Why has it taken until the last few years for speech recognition to be adopted in day-to-day use? The technology has many hidden industrial applications, but as a real-time user interface for day-to-day use, i.e. talking to your computer, adoption has been unbelievably slow. When I was studying in the 90s, I read about a sort of reverse Turing test, which demonstrated one reason why. Volunteers believed they were talking to a computer, but responses were actually provided by a human being typing “behind the curtain”. The observations and subsequent interviews showed that, back then, people simply didn’t like it.
So, what’s the problem?
We have a Google Home in the house, and we basically only use it to set kitchen timers and find out the outside temperature (so we know how many layers to put on – we live on the arctic circle, and -25-30°C is normal). That’s it. I don’t see much of a use for anything else, as our computers and smartphones are both easier to use and faster than any voice assistant or voice input.
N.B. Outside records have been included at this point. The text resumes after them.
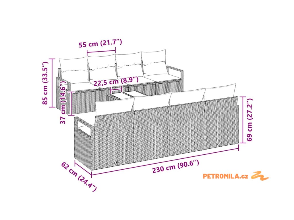 Tento modulární zahradní sofa set je elegantní a funkční volba pro venkovní odpočinek a zábavu. Jeho obdélníkový tvar se skvěle hodí nejen do zahrad, ale i na terasy. Hlavními prvky jsou různé sedací možnosti a středový stůl, přičemž každý díl je navržen tak, aby vytvořil pohodlnou a příjemnou atmosféru. Set má moderní design, minimalismus a funkčnost, což ho dělá flexibilním pro různé uspořádání a osobní styl.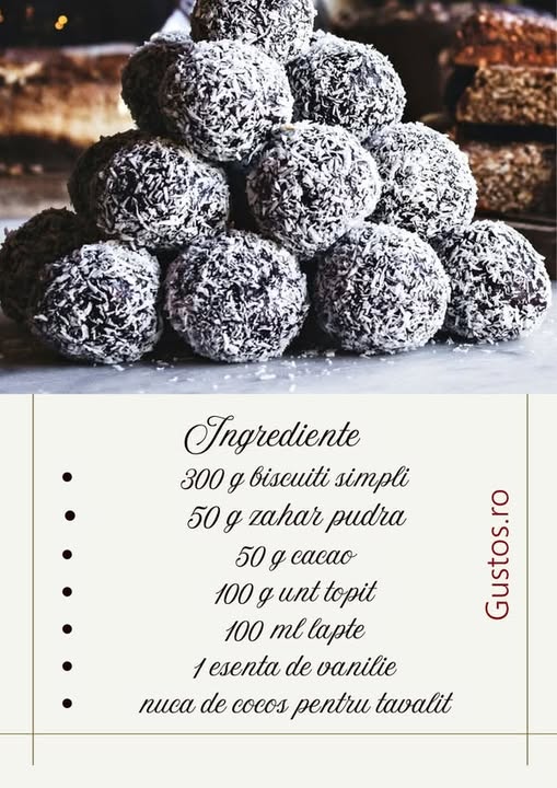 Incearca aceasta reteta simpla si rapida de bilute de biscuiti cu cacao si nuca de cocos. Un desert delicios, perfect pentru orice ocazie, usor de preparat si foarte gustos!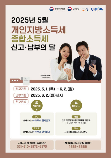 ▲2025년 5월 개인지방소득세, 종합소득세 신고·납부의 달 홍보 포스터(사진=시흥시) |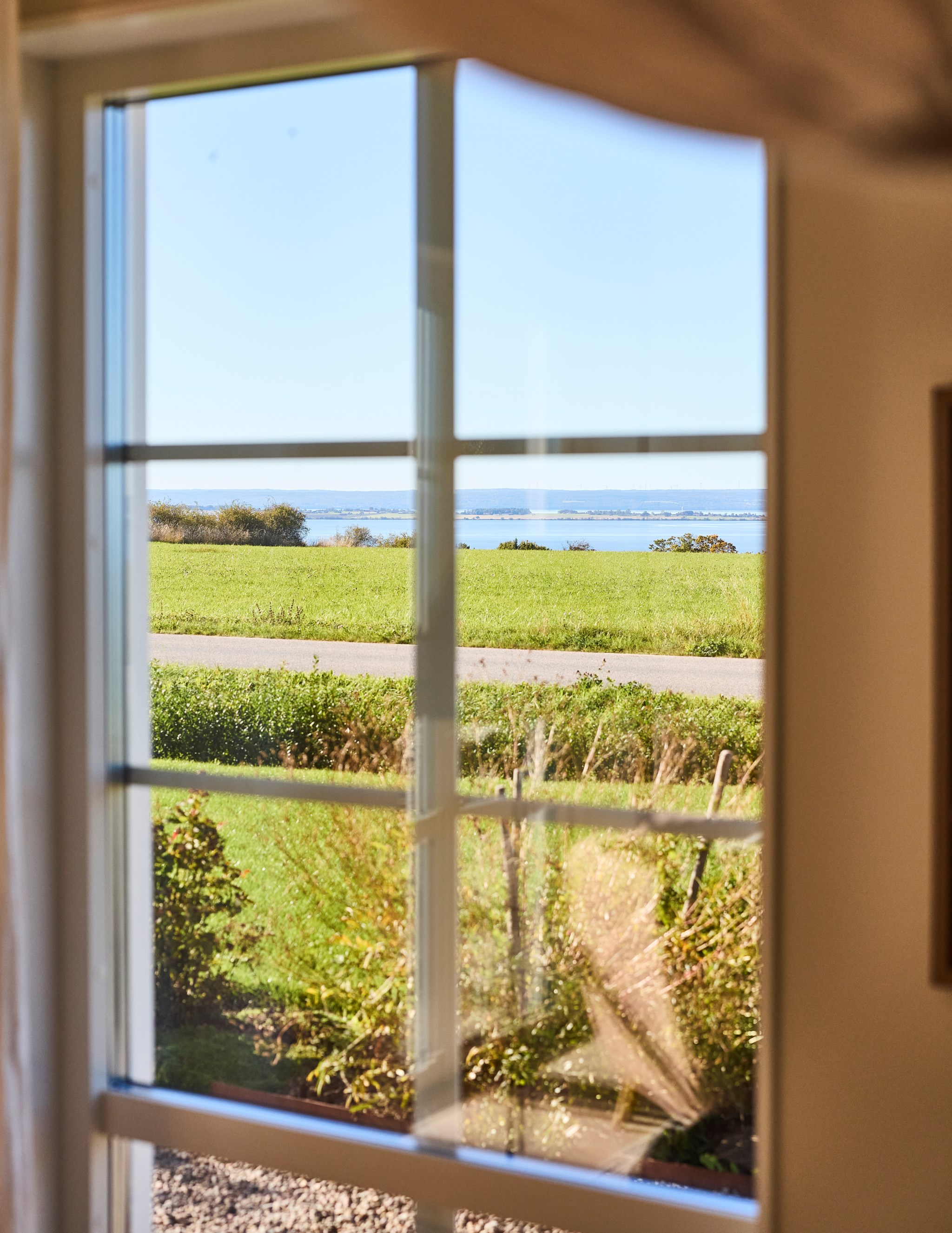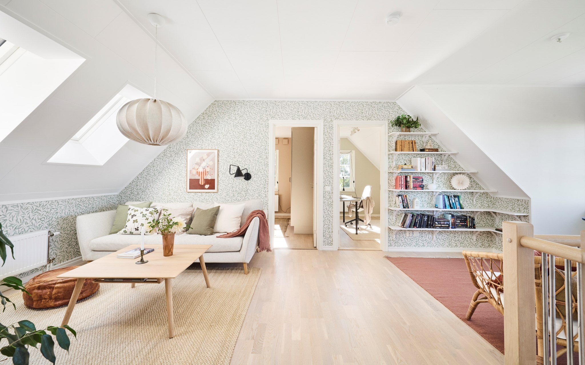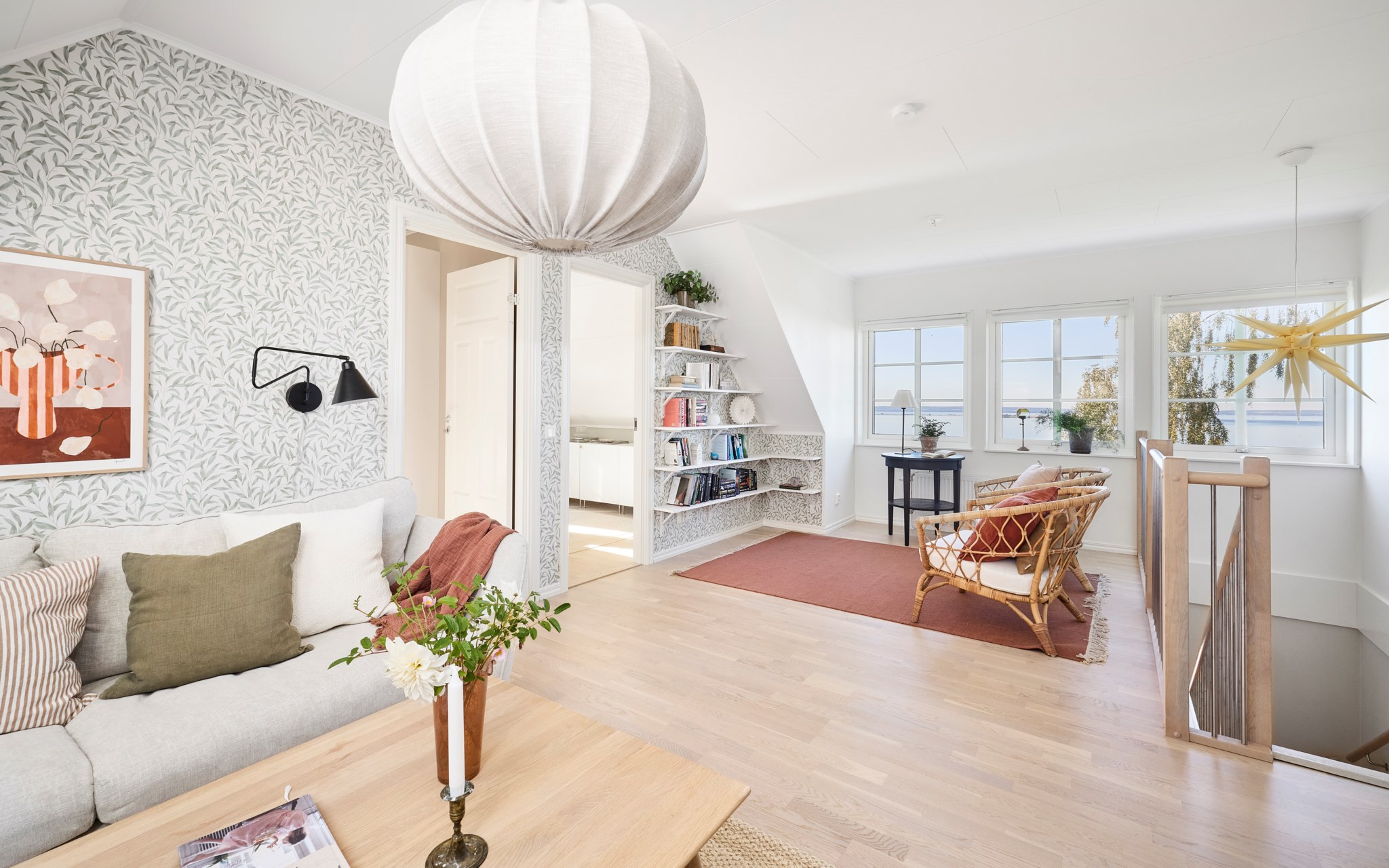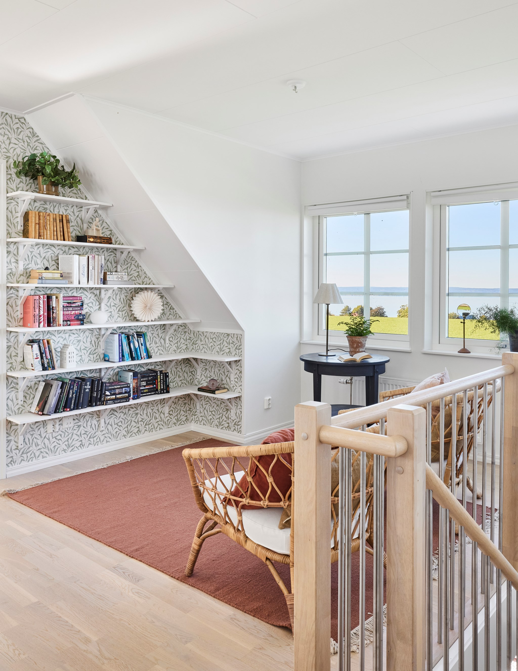 Trappan svänger upp som en rabatt mot ljuset. Och ja, allrummet uppe är som ett växthus. Tre stora fönster i kupan som bryter upp det redan höga snedtaket. Öppet upp i nock vilket borde innebära en bit över tre meter. Upp mot berget istället två höga öppningsbara takfönster där du kan se rätt upp i det blå och upp i den stjärnbeströdda vinternatten. Samma ljusa golv här, samma väl valda innerdörrar som i resten av huset. Vi behöver inte orda så mycket mer om utsikten nu, du har fattat.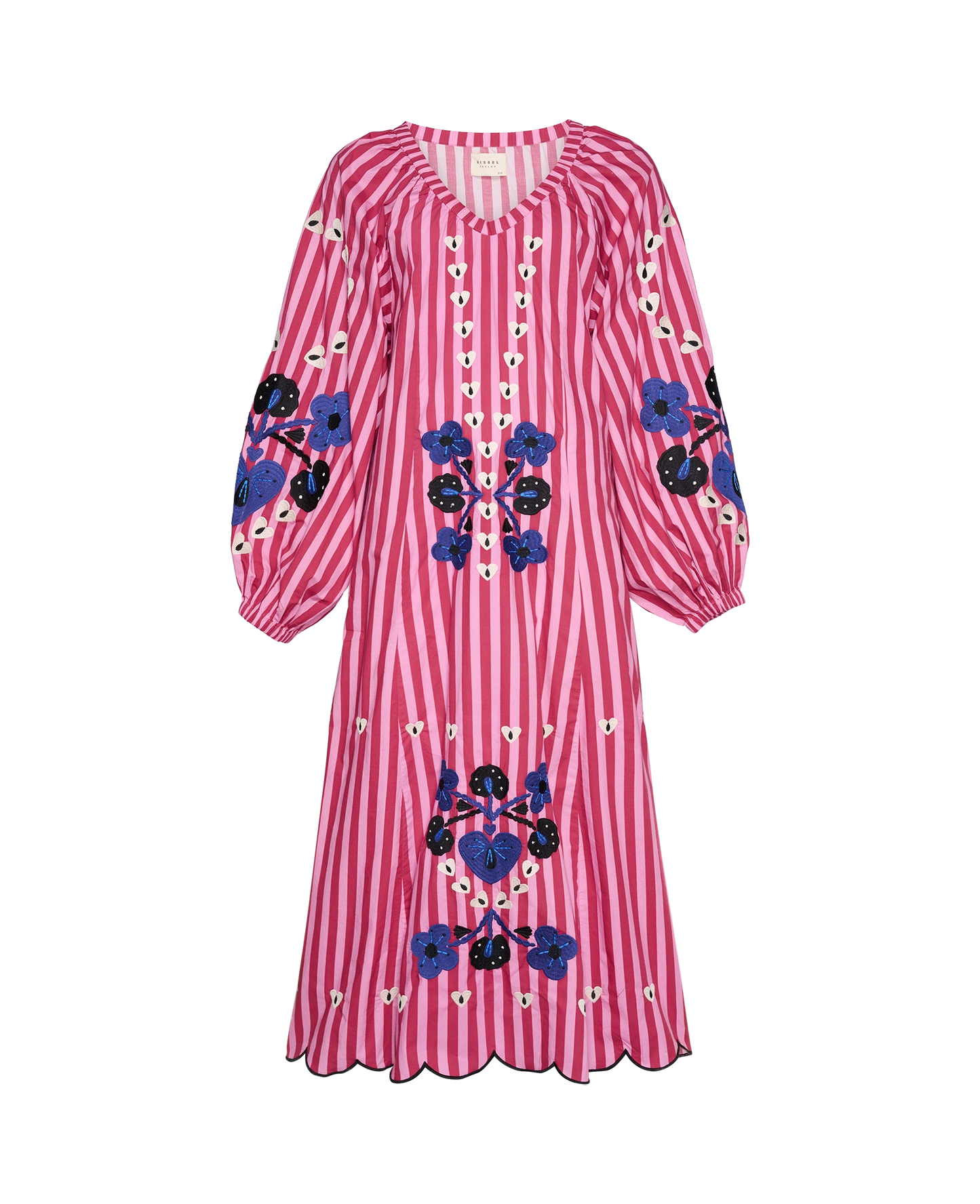 Long Sleeves Embroidery Printed Stripes Maxi Dress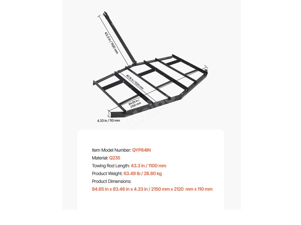 Tažné hrablo 84" šířka, q235 ocel, nastavitelné tyče, čepový závěs

The key to modern voice assistants is that they are basically glorified command line interfaces – they need a command and parameters. What makes them so hard to use is that these commands and parameters are pretty much entirely undiscoverable and ever-changing, unlike actual command line interfaces where they are easily discoverable and static. If voice input and voice assistants really want to take off, we’ll need to make some serious advances in not just recording our voices and mapping them to commands and parameters, but in actually understanding what we as humans are saying.
We’re a long way off from that.